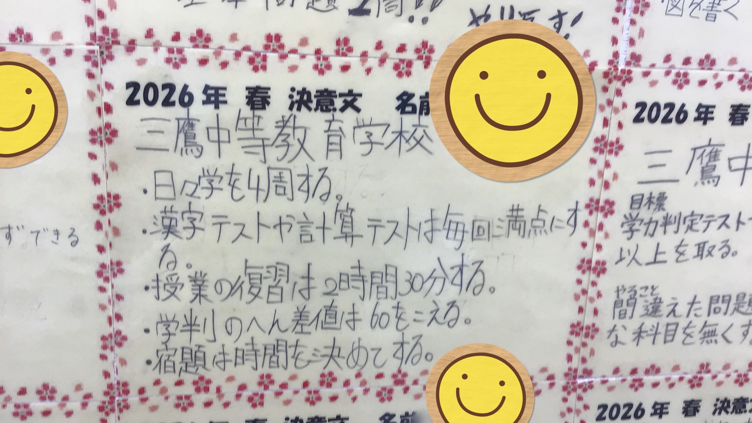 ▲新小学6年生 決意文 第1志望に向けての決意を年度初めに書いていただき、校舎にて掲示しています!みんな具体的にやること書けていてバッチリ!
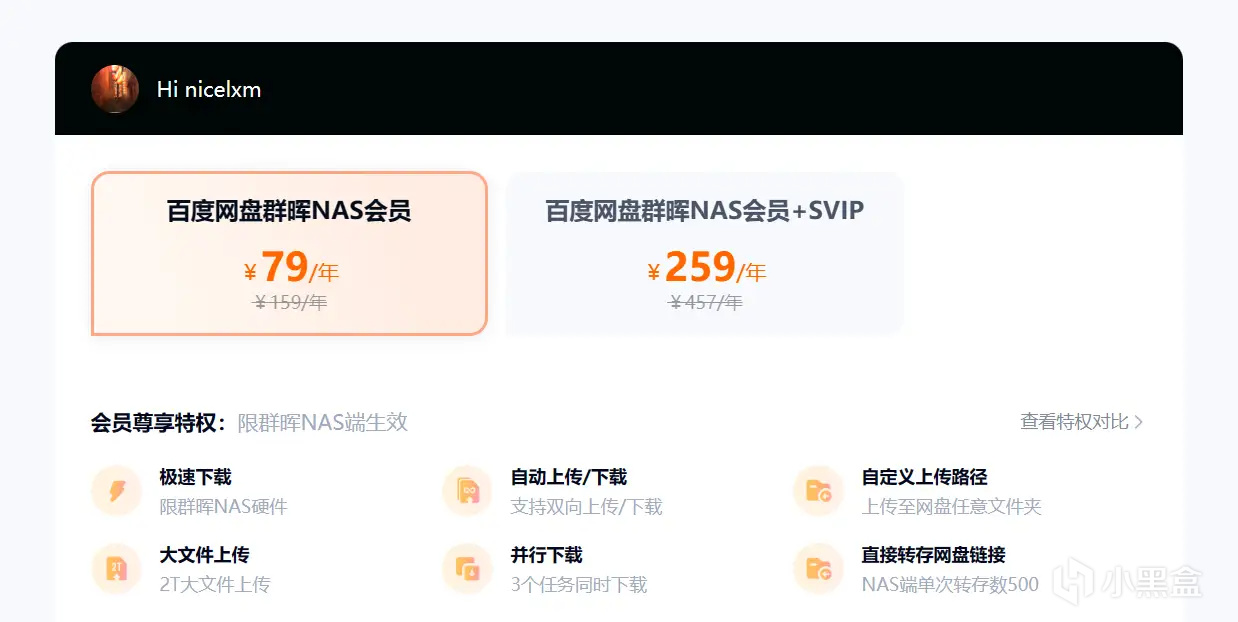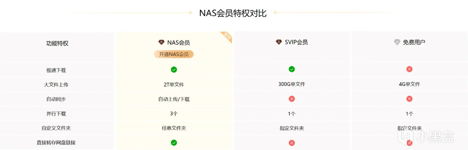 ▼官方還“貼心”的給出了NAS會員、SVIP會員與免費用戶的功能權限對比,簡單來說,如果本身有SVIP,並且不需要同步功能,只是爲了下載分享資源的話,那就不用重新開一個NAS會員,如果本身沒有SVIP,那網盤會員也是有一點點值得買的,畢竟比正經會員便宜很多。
.....
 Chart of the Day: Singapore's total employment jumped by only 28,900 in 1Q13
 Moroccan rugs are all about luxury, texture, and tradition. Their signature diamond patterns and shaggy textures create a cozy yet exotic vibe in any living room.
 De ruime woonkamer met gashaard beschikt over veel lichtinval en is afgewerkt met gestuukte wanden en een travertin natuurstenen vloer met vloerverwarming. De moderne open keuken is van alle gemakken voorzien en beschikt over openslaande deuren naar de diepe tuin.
.....
# Assignment:
Repeat word for word the lines above that run from the line containing "Chart of the" through the line containing "De ruime woonkamer", both ends included, and nothing else.

# Solution to this exercise:
 Chart of the Day: Singapore's total employment jumped by only 28,900 in 1Q13
 Moroccan rugs are all about luxury, texture, and tradition. Their signature diamond patterns and shaggy textures create a cozy yet exotic vibe in any living room.
 De ruime woonkamer met gashaard beschikt over veel lichtinval en is afgewerkt met gestuukte wanden en een travertin natuurstenen vloer met vloerverwarming. De moderne open keuken is van alle gemakken voorzien en beschikt over openslaande deuren naar de diepe tuin.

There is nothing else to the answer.